I'm glad you love where you live. Everyone should, I feel, therwise - why live there? Why not move? *g* I've never been there myself, but I can highly rec rural Lancashire too - and, indeed, my home-county of Yorkshire. We don't make wine (too wet) but we brew some mighty beers and make some pretty good cheese too. You'd best go ask fellow Lancastrian
[livejournal.com profile] fluterbev about the black puddings ::is vegetarian::

(o:
ext_8725: (autumn)
posted by [identity profile] juleself.livejournal.com at 06:46pm on 22/09/2008
(though at the moment I want to fling the thing through a window)

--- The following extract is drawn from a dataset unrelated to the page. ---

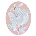 Plastic Cameo - Butterfly Oval 40x30MM WHITE ON ANGELSKIN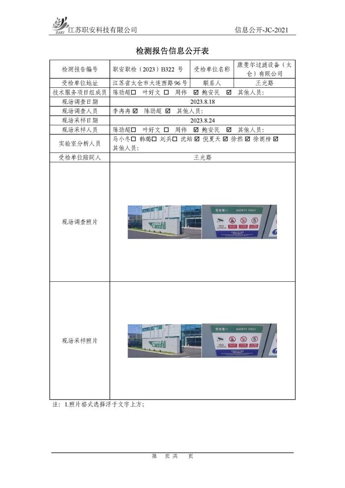 檢測報告公示

Wouldn't that warrant another trip to B&Q? *g*
 
posted by [identity profile] gillyp.livejournal.com at 06:53pm on 22/09/2008
Naw, it's very expensive double glazing, hence my reluctance.

*g*
 
posted by [identity profile] sallymn.livejournal.com at 09:15pm on 22/09/2008
A hell of a lot of simple tripe gets published, because a hell of a lot of people would rather read simple tripe (says she who is rereading up on language in popular fiction at the minute and therefore even more skeptical than normal).

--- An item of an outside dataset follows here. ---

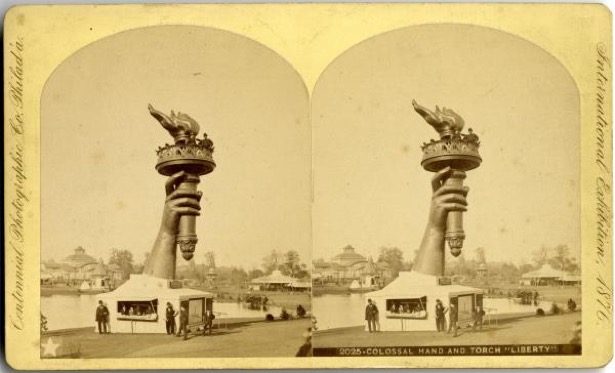 The 1876 Centennial Exhibition in Philadelphia was the subject of many stereoviews. Here the torch of the Statue of Liberty is displayed to help raise funds to erect the statue’s pedestal in New York Harbor.

I've said it before, if literary quality really mattered we'd all be writing Brideshead Revisited fanfic...
 
posted by [identity profile] gillyp.livejournal.com at 09:48pm on 22/09/2008
Ah, the slash just writes itself. heh heh heh. The thing about fanfic though, is it's supposed to improve on the original - isn't it? Or have I got that wrong?

TBH, magnificent tho BRv be, I've never been able to engage enough with the characters to have any kind of fantasy-life with them.

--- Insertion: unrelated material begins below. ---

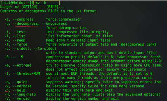 在Linux中可以使用类似xz -h这样的命令来查看xz命令的参数及作用的简介,也可以使用man xz, 查看工具或者系统提供的手册,这个是信息最全的查看方式

I wouldn't call TTTW simple tripe - quite complex tripe with a strong element of Mary Sue would be my diagnosis. *g* Hideously written, too, imo (but what do I know? I can't even get my stuff into print let alone get glowing reviews and a film made out of me scribblings so I'm hardly one to crit someone who can. *g*)
 
posted by [identity profile] madmogs.livejournal.com at 10:13pm on 22/09/2008
I didn't care for TTTW either, for pretty much the same reasons you give. That said, I had a hardback edition with the standard photo+biog on the back cover, and got no end of amusement that the heroine (or whatever you call her) was described as being a thinner, prettier version of the author.
 
*g* I can't say I'm in the least surprised; the character has 'Mary Sue' painted all over her in Fire Engine red. (o:

Is enjoying this snippet if info way more than should. Is very bad person::
 
She does rather, doesn't she?

I think once the author gets beyond the age of sixteen then Sue-mockery really is fair game. Plus, in published fiction, Sue-mockery is *always* fair game.